What you want is the following:
*Before anything, read DiPiro's book.  If you're not doing it "right", you won't understand how your skis are or are not failing you.

*Around 70 mm underfoot.  Ignore all posts that review skis and say some 100mm ski is great in the bumps.  Fast zippers = close feet.

*Longer turn radius generally better but not absolutely necesary.  In a good zipper your really not turning - the bumps are turning your skis for you and your upper body is absorbing the ride.  We're not all that good/fearless/the lines not always there/knee surgery sucks and you want to make sure your skis aren't too "hooky" as you're not trying to carve.  Any turn radius can be flat swivelled which is what you want to do.

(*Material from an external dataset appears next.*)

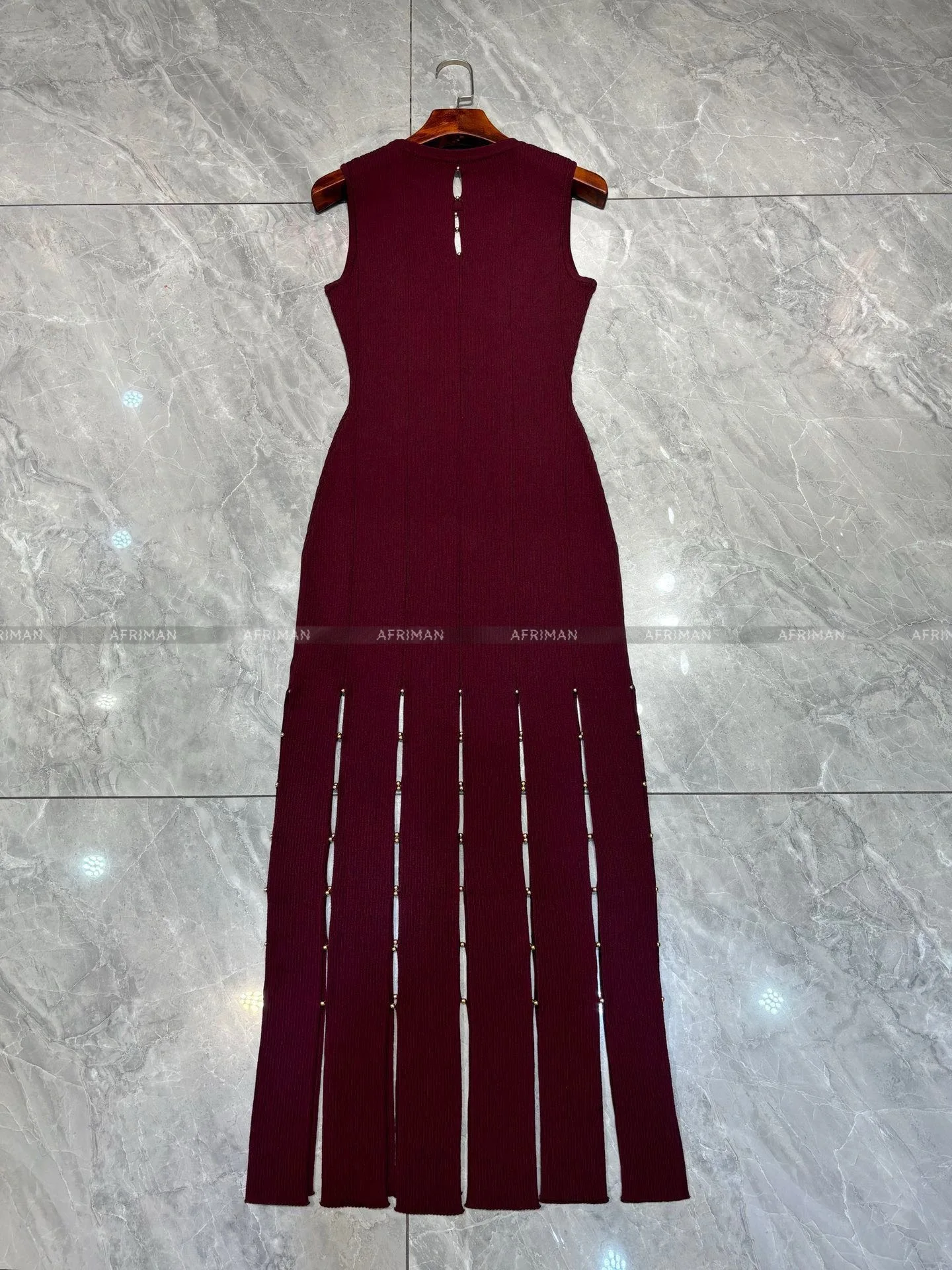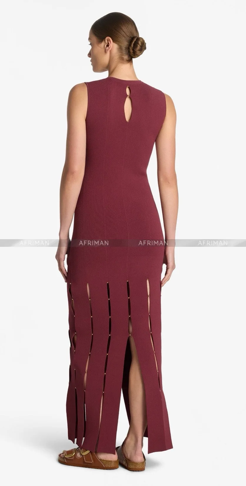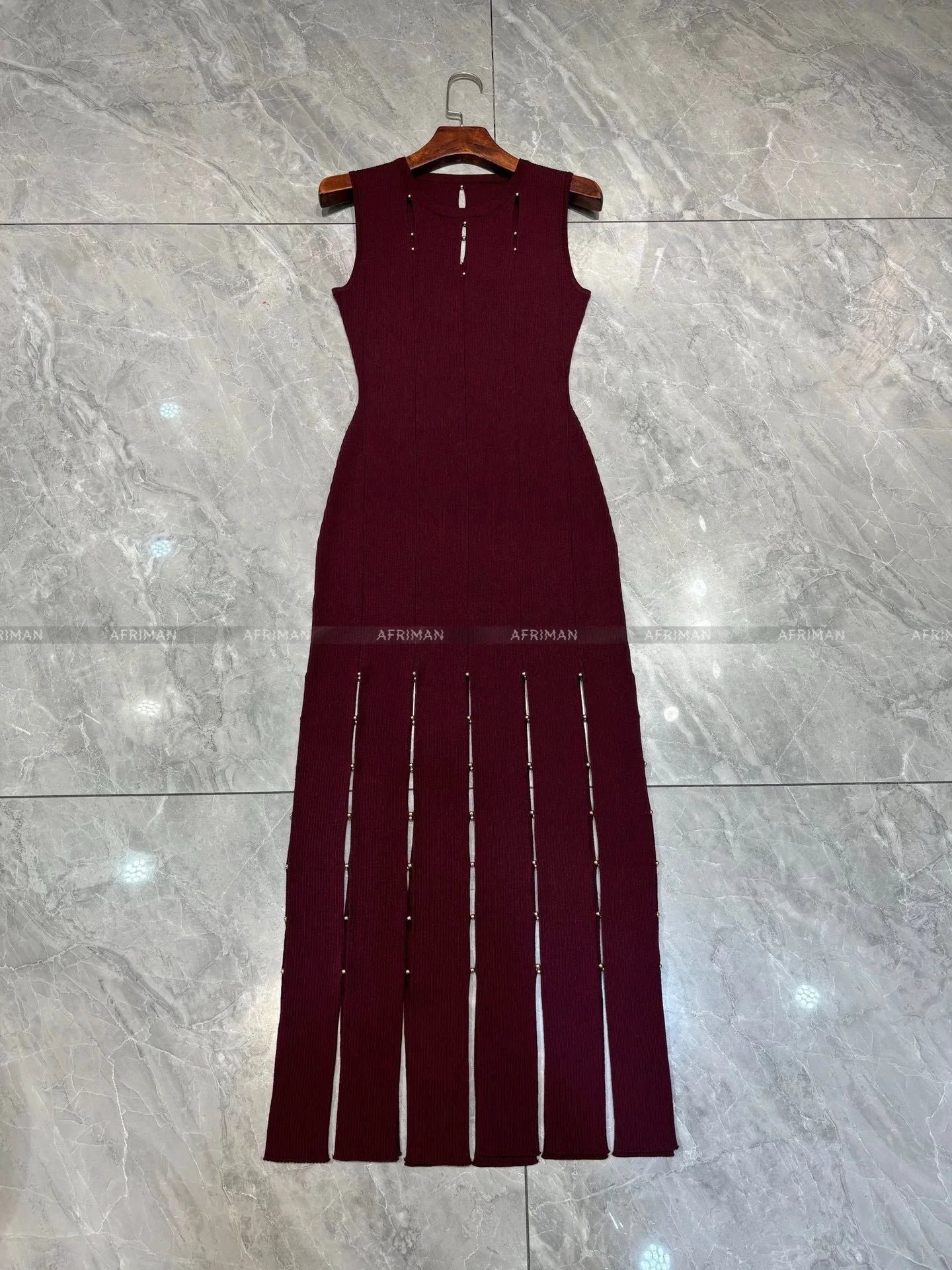 Abito da donna lungo con spacco in maglia elasticizzata scavata impreziosito da donna

*Avoid insanely unproportional shovels; relates to turn radius as well.  My Metrons go from ~75 underfoot to ~125 at the shovel and they bang like crazy.

*Stiffness can vary but don't go too stiff.
post #18 of 21
 lessons always help..... the indian shouldn't blame the arrow........ dynastarisd a great manufacturer. good luck with your purchase.

poleplant has to be a seminar poster......... i have words to describe his rant; as a gentleman i will keep them private.
 
if you watch any of bushwacker's vids; you'll see he's the real deal. if stowe was closer to me, id be taking lessons and advice from him.

epic is an avenue to learn pure, unadulterated opinions; no ad dollars.   we're all very luck for the advice of the seasoned skier reviews and
collective advice of real skiers.
post #19 of 21
Great thread - was a good lesson for me in what to look for in a bump ski. I've been a lifelong bump skier and have constantly fought gear, mostly b/c I prefer a very very stiff boot. I've owned bump skis in the past and have been considering a dedicated pair. Thankful for the effort folks put into replies on this thread!
post #20 of 21
How important is ski-weight?
post #21 of 21
Weght is in my top 3..
1) Skinny-especially in the tails
2) Straight r greater than 20
3) Light-including lightest binding you can find mounted flat.
4) Flex softer in the tail than shovel.